Yes definitely nice build but there’s a ton of modifications needed if he wants to get decent speed, better impellers, intake, batteries.
I’m talking about the guy in the video,
A lesson I’ve learned from my own project is that your jetboard intake must scoop water as you go, (impeller should be almost fully submerged until you reach planing speed, then, during planing, your impeller/nozzle should be about half in the water ad half in the air) many diy’ers kinda skip this part (me included) to “avoid drag” and so they build the bottom way too flush with the intake expecting the jet-pump to magically suck and lift water off the surface, it’s not how it works, you reduce your potential speed significantly.
2 Likes
I’m back at it with the 100mm motor configuration.

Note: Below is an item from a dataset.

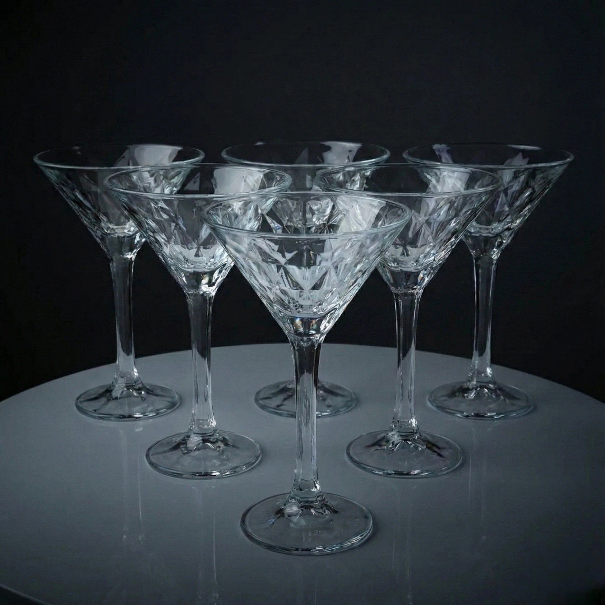 Elevate your cocktail presentation with this exquisitely crafted crystal-style martini glass set, designed to bring elegance and precision to every pour. Each glass features a wide V-shaped bowl adorned with intricate faceted detailing that captures and refracts light beautifully, enhancing the visual appeal of your beverages. The sharply defined geometric cuts lend a luxurious, handcrafted look, making every drink feel like a curated experience.

Working on a multistage prop to achieve a goal of around 100lb/s flow rates… if the motor can handle it. Ill chime in with some cut-ways as I get to them. So far it looks around 200lbf thrust @ around 75fps.
1 Like
Here’s a snapshot. Likely going to increase the impeller a bit to get a little more velocity. A goal of around 80-90fps with 200lbf of thrust should get anything moving 30-40mph on the water.
1 Like
(confused in metric 
)
1 Like
All good friend.
80fps = 25m/s
200lbf = 890newtons
1 Like
So you’ll need >20kW , which ESC are you using?
Not necessarily.
My last design made 40lbf at about the same speed pulling 2kW. Shooting for 10kW.
The math doesnt add up. Even with a 100% efficiency
I would check the maths.
We’ve already tested the low power variant and measured power output and power draw. Look above 100 messages or so.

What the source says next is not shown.